9.3.2. Mise à la retraite du salarié à l'initiative de l'employeur : le salarié remplit les conditions d'ouverture du droit à pension de vieillesse à taux plein : le salarié a droit au versement de l'indemnité de départ en retraite prévue ci-dessous ou, si c'est plus avantageux pour lui, au versement de l'indemnité légale de licenciement.(1)

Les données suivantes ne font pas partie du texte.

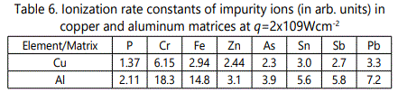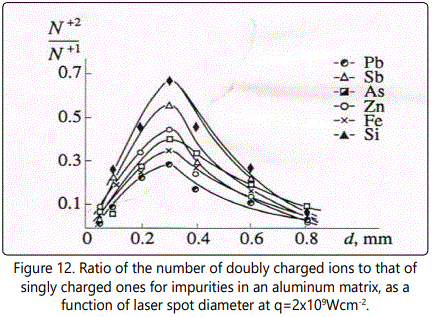 Let us compare ionization of impurity atoms in copper and aluminum matrices. The ratio of the number of ions formed at the maximum of the function N+z/ S to that formed at d =0.05mm and q=2x109 Wcnr2 in these two matrices is given in Table 6. It is seen that efficiency of ionization characterized by the growth rate of the function N+z/ S is higher for impurities in the aluminum matrix compared to that in the copper one. This fact is also clearly seen in Figure 11. The observed dependence can be explained as follows. Taking into account the fact that during plume expansion, ions of the matrix and impurity behave similarly, one can suppose that the difference in ionization efficiency is due to characteristics of the plasma plume determined by the matrix (the target excitation conditions are assumed to be the same). The lifetime τ0 governed by the matrix component [26] has little influence on efficiency of ionization processes because we neglect the recombination process in the plume at d<dopt. On the other hand, ionization of impurity elements is governed by Ref. [35]

9.3.3. Mise à la retraite du salarié à l'initiative de l'employeur : le salarié ne remplit pas les conditions d'ouverture du droit à pension de vieillesse à taux plein : dans ce cas il s'agit d'un licenciement. Les procédures légales et conventionnelles doivent être respectées et il est versé à l'intéressé l'indemnité conventionnelle de licenciement, dans les mêmes conditions fixées par l'ARTICLE 9.2 " Indemnités de licenciement " de la présente convention.

9.3.4. L'indemnité de départ en retraite, sur la base du dernier salaire est fixée comme suit :

- un demi-mois de un à cinq ans d'ancienneté révolus ;

- un mois de cinq à dix ans d'ancienneté révolus ;

- un mois et demi de dix à quinze ans d'ancienneté révolus ;

- deux mois de quinze à vingt ans d'ancienneté révolus ;

- deux mois et demi de vingt à trente ans d'ancienneté révolus ;

- trois mois au-delà de trente ans d'ancienneté révolus.

Le salaire à prendre en compte est le même que celui prévu pour l'indemnité de licenciement ci-dessus.

(1) ARTICLE étendu sous réserve de l'application de l'ARTICLE L. 122-14-13 (alinéa 2) du code du travail.